The Bank of Japan (BOJ) communicated that a 1% yield on 10-year JGBs is now a “reference point” rather than a ceiling on 10-year yields. The communication was unclear and did not clearly signal a phasing out of Yield Curve Control (YCC) by the BOJ. The yen declined after having strengthened in anticipation of higher rates on JGBs.

Our Take: The BOJ is trying to maintain its ultra loose monetary policy stance while other major central banks are restrictive. The attendant weakening of the yen is making this policy stance tougher to maintain without stoking inflation.


Both the manufacturing and services ISM surveys declined for October and came in below expectations. In both surveys employment weakened. Services prices paid were steady at an elevated level while manufacturing prices paid increased but remained in contractionary territory.

Our Take: The ISM surveys, along with the employment report, give a first glimpse of the fourth quarter as likely slowing from the unexpectedly strong levels of economic activity and employment seen in the third quarter. Markets would read a continuation of these trends as a further indication that the Fed’s efforts to cool the economy and job market are taking effect.

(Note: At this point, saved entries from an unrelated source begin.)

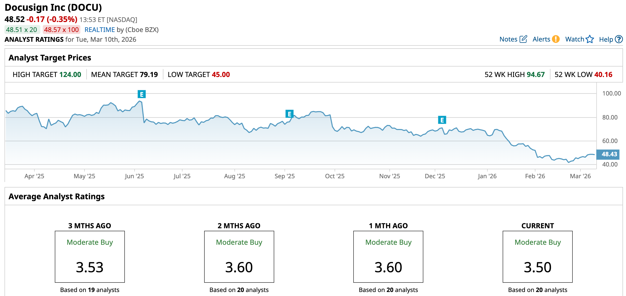 Over the past 52 weeks, the stock has declined by 37.66%, while it has been down 29.04% year-to-date (YTD). Just for comparison, the S&P 500 index ($SPX) is up 21.59% over the past 52 weeks and is down marginally at 0.28% YTD. DocuSign’s shares reached a 52-week low of $40.16 on Feb. 25, but are up 16.6% from that level.
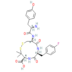 | SMILES | CC1(C)SSC[C@H](NC(=O)[C@@H](N)Cc2ccc(O)cc2)C(=O)N[C@@H](Cc2ccc(F)cc2)C(=O)N[C@@H]1C(=O)O |
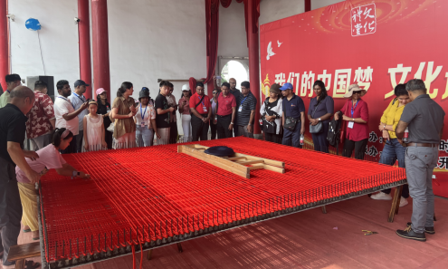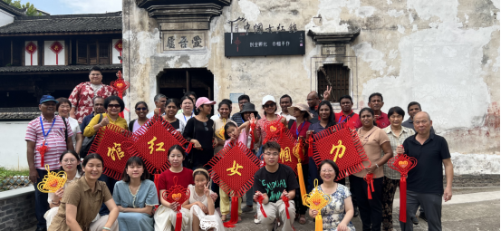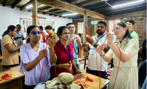 8月15日,我校SJB世俱杯官方网站师生同浙江省巾帼共富工坊服务中心负责人在大陈中国女红馆接待了来自斯里兰卡的20多位学员,带他们近距离参观了巨型中国结的编织现场,了解直播+来料加工乡镇振兴项目的运营模式,同时与他们一起共同编织了国际友好同心结。
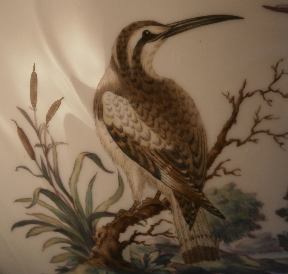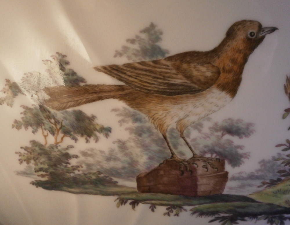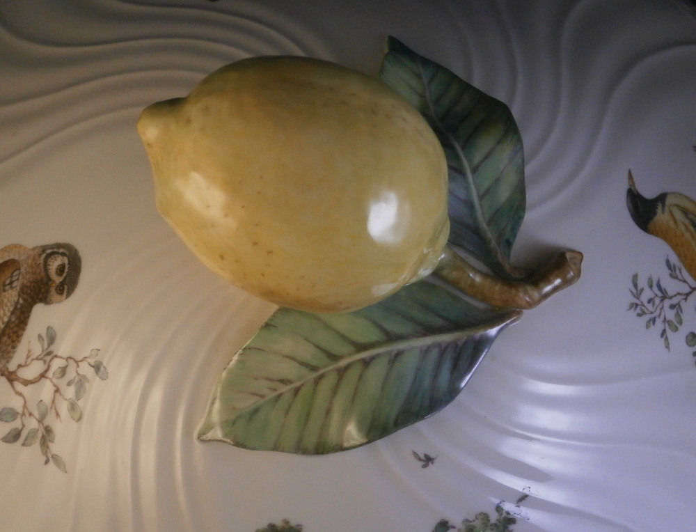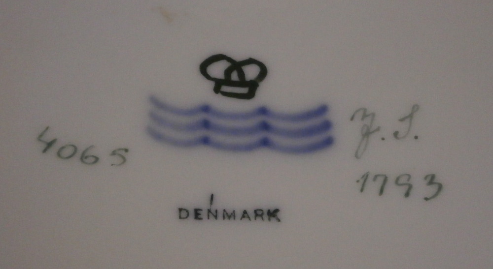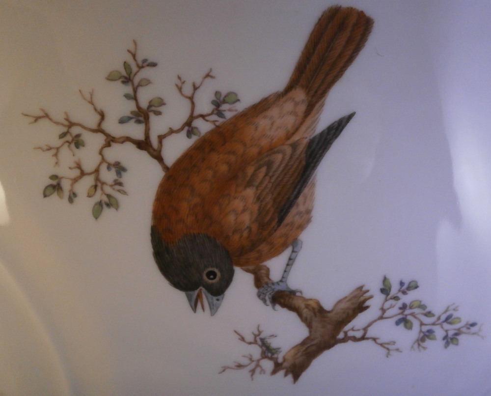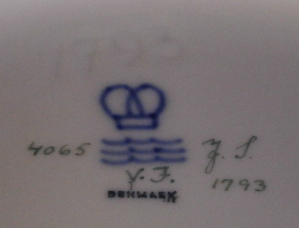 This is an amazing tureen made by Royal Copenhagen in the mid 20th century. Marked with the Julian Marie mark for using 18th century originals. I have never seen this design redone and it is on a huge piece! The tureen is round in shape and larger than any other I have ever owned. The edges have a basketweave design to the paste with a gold trim over that and another gold design along the foot of the bottom piece. The best part however are all those amazing hand painted bird scenes. The lid has four birds sitting on a branch with two of the scenes having a bird of a landscape to them. The superb finial is in the shape of a lemon with its stem and two leaves. The bottom piece has two large bird scenes in a landscape aurrounding as well as two single bird scenes to it. The larger scenes are amazing and have three birds in them. It does not come any better than this piece! The lid has a slot to fit a spoon handle as shown. Both pieces are marked with the three wavy blue lines mark in under glaze blue as well as the crown and Denmark with a line over the N. Also artist initials as well as the number 4065 and 1793 which is probably the year the design was originally made. The terrine is 11.5 inches tall including the lemon finial and 12.5 inches in diameter. This piece is incredible and it does not come better than this by this maker from this period. Please email me for more information or other pictures.
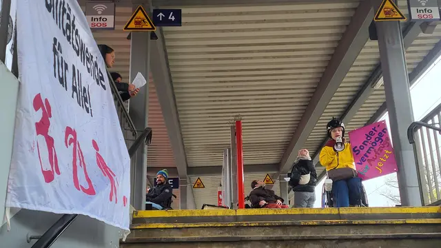 Mit einer außergewöhnlichen Aktion haben Rollstuhlfahrende am Montagmittag am Bahnhof Buxtehude ein deutliches Zeichen gesetzt: Am Aufgang zum Gleis 2 wurde die Aktivistin Cecile Leconte mithilfe eines improvisierten Seilaufzugs in ihrem Rollstuhl nach oben gezogen. Begleitet von Bannern, Plakaten und Durchsagen per Megaphon machten die Demonstrierenden auf ihre Situation aufmerksam.
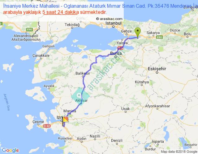 İhsaniye Merkez Mahallesi - Oglananası Ataturk Mımar Sınan Cad. Pk:35476 Menderes İzmir arası yaklaşık olarak 90 km/h ile yukarıda belirtilen sürede olup, iki yerin kuş uçuşu uzaklığı (mesafesi) 349'dir. Eğer belirtilen yerler arasında uçak seferi var ise bu süre uçakla 32 dakika'ya kadar düşebilir. Yolculuk otobüsle 7 saat 1 dakika sürmektedir.

California tax collections for the month of October are expected to fall short of estimates. Through October 25, $18 billion was collected, while $42 billion was originally projected. California gave taxpayers a seven-month extension on its income tax filing deadline, which will delay complete tax collection figures

Our Take: California officials attribute the lower-than-expected collections to slowing wage growth and a decrease in capital gains tax revenue. Collections are on pace to be below the state’s original estimate of $198 billion for the current fiscal year. California has already projected a $14 billion budget shortfall for the next fiscal year, which starts in July 2024, and it is possible that the amount could grow larger.